The major part of niobium produced is used in the production of high strength low alloy (HSLA) steels (main uses in structural, piping and automotive applications) and superalloys used in the aerospace industry while the remainder is sold as niobium carbides (e.g. cutting tools) and chemicals.
There is a variety of widespread emerging applications for tantalum including mobile electronic devices such as laptops and smartphones. The electronic industry is the main consumer of tantalum using up to half of world production, while the other half goes into tantalum metal products, ingots and carbides.
Both, tantalum and niobium exhibit exceptionally high specific performance in capacitors and resistors thereby enabling further miniaturization in electronics. Other hi-tech uses for Ta include use as a sputtering target and in prosthetics while Nb finds applications in superconductors.
In nature tantalum and niobium usually occur together as a result of their chemical similarity, tantalum being present in subordinate proportions. They do not occur in metallic form but are present in a variety of oxidic minerals with columbite-tantalite, pyrochlore, wodginite and loparite being the most important ore minerals.
Major deposits hosted in carbonatite complexes are found in Brazil (Araxá and Catalão) and Canada (Saint-Honoré). Alkaline to peralkaline rocks such as the Illimaussaq complex in Greenland also host significant niobium occurrences. Historically pegmatites located in Canada (Bernic Lake) and Australia (Greenbushes and Wodgina) have been important sources of tantalum. Tantalum is also recovered from placer deposits as a by-product of tin.

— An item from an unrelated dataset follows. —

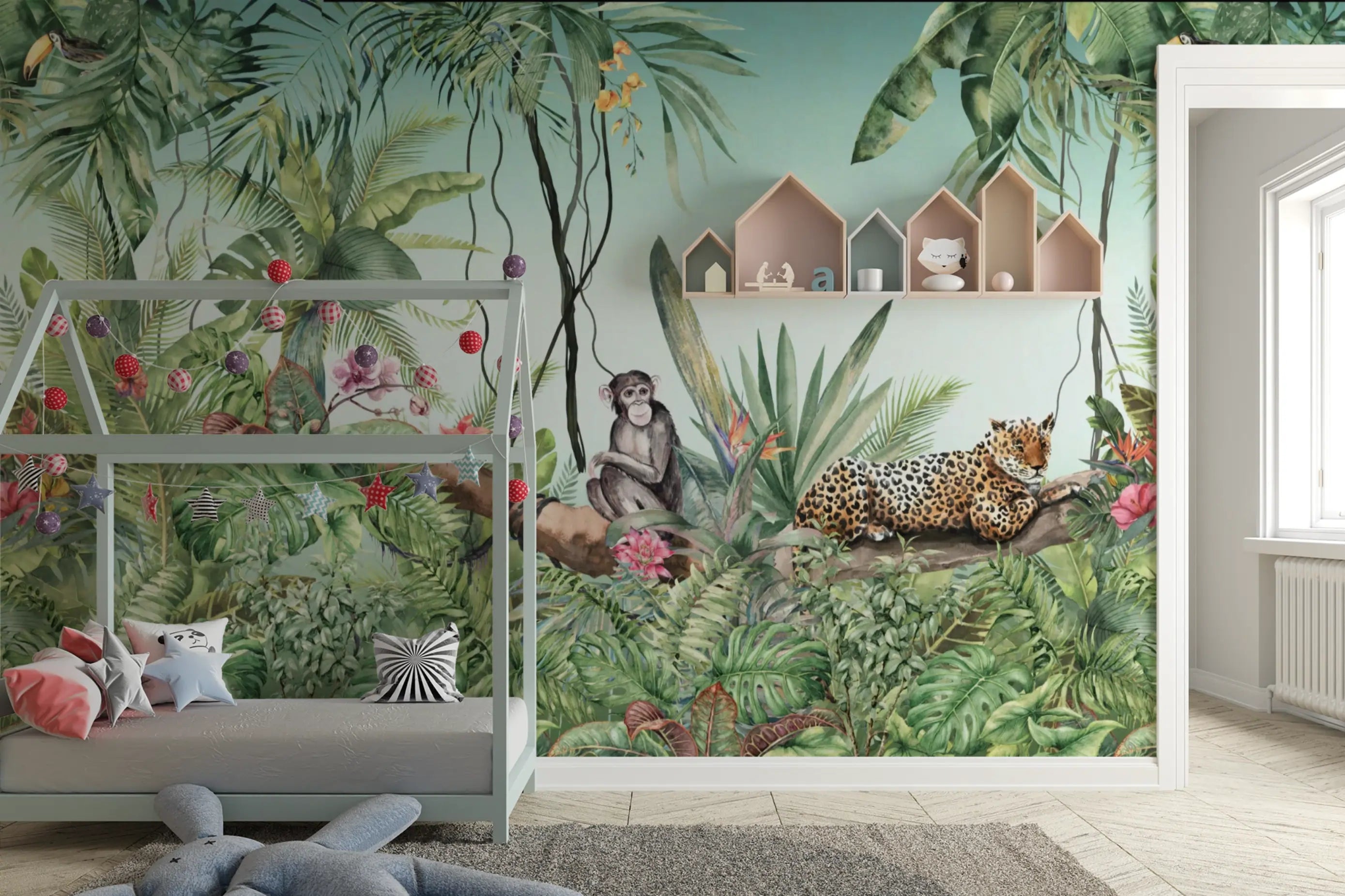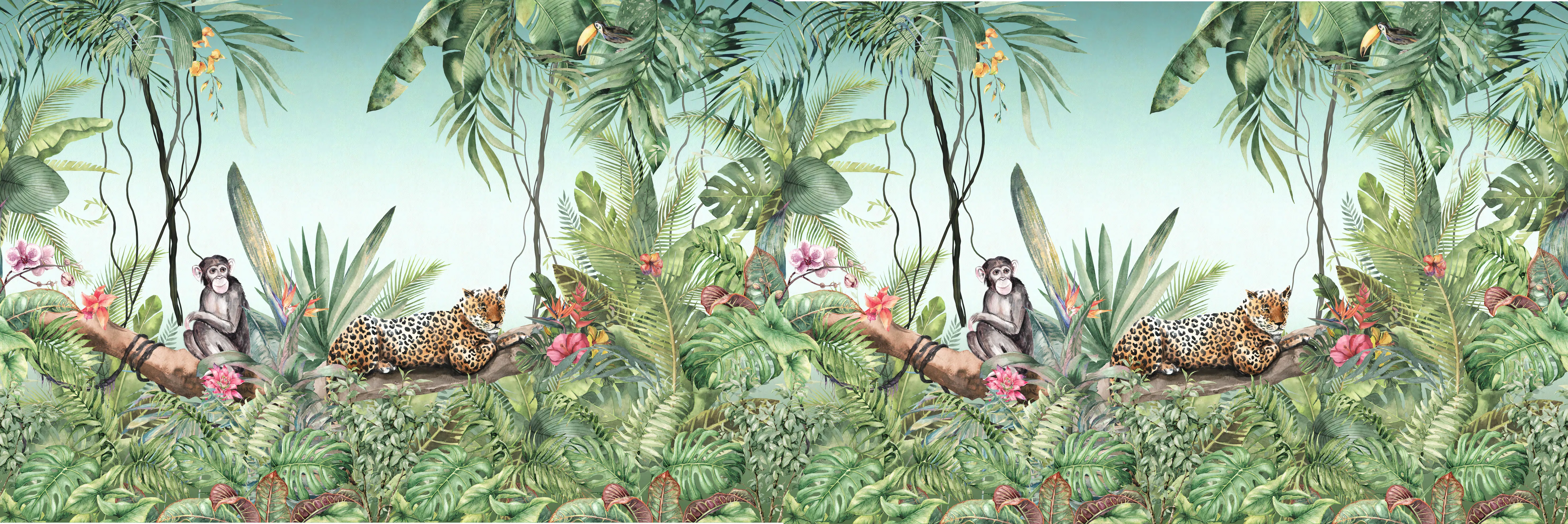 Transforme seu ambiente com o papel de parede "Selva Floresta". Este mural vibrante apresenta uma paisagem de floresta densa, com folhas verdes exuberantes e uma sensação natural de tranquilidade. Ideal para quem busca um toque rústico e acolhedor, seu design captura a beleza da natureza, criando um espaço fresco e cheio de vida. Disponível em material autocolante texturizado ou tradicional com cola, perfeito para qualquer tipo de projeto de decoração, seja em salas de estar, quartos ou banheiros.

Brazil accounts for more than 90% of the global niobium production with Canada and Africa accounting for the rest. CBMM in Brazil holds a near market monopoly for niobium.
Main producers of tantalum are located in Africa (>60%), where it is mined largely in artisanal mining operations in the politically unstable DRC and Brazil (20%), followed by less significant producers in Australia, Canada and Malaysia.
Tantalum and niobium are traded in a variety of forms including carbides, metal powders and other chemicals.